Start with Arrow's Impossibility Theorem. You have the maths to better
understand this stuff than me.

[https://en.wikipedia.org/wiki/Arrow's_impossibility_theorem](https://en.wikipedia.org/wiki/Arrow's_impossibility_theorem)

[https://www.math.wisc.edu/~meyer/math141/voting2.html](https://www.math.wisc.edu/~meyer/math141/voting2.html)

I have focused on election integrity. For me, arguing the relative merits
ranked choice voting strategies is (unforgivable) bikeshedding and ultimately
results in no action. Like getting stuck arguing 4.5x vs 4.75x better than
FPTP while the world burns.

For election integrity, other real world concerns also must be factored. Like
voter education, verifying the hardware & software, ease of tabulation &
auditing, feasibility of doing a manual recount, etc.

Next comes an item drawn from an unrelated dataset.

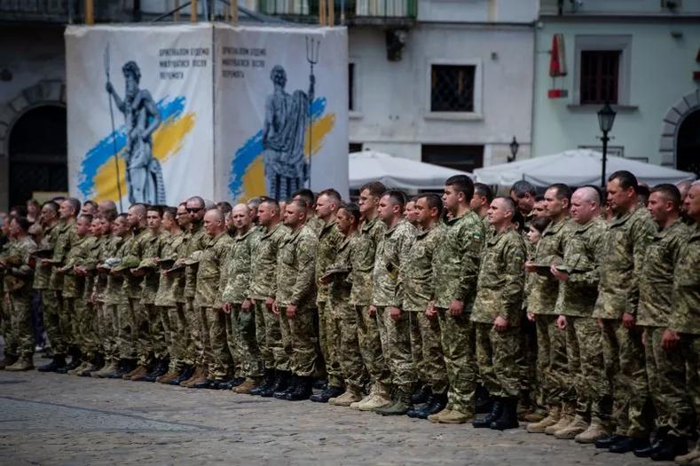 Quân đội Ukraine xếp hàng trước Tòa thị chính ở Lviv, Ukraine ngày 18/6/2022. Ảnh Getty
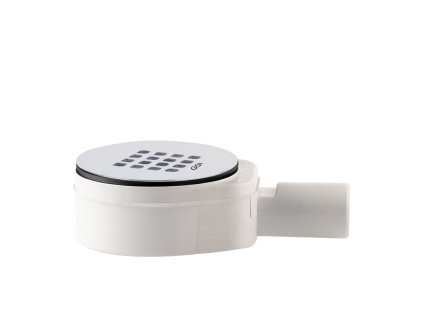 Podlahová vpusť pro sprchovou vaničku s chromovou krytkou, jednoduchou instalací a vysokým odvodem vody.

In conclusion, Approval Voting is almost as fair as the ideal Score Voting but
much easier to implement.

------
nayuki
CGP Grey talking about approval voting:
[https://www.youtube.com/watch?v=orybDrUj4vA](https://www.youtube.com/watch?v=orybDrUj4vA)

------
a_imho
Sortition is the most democratic way of electing representatives.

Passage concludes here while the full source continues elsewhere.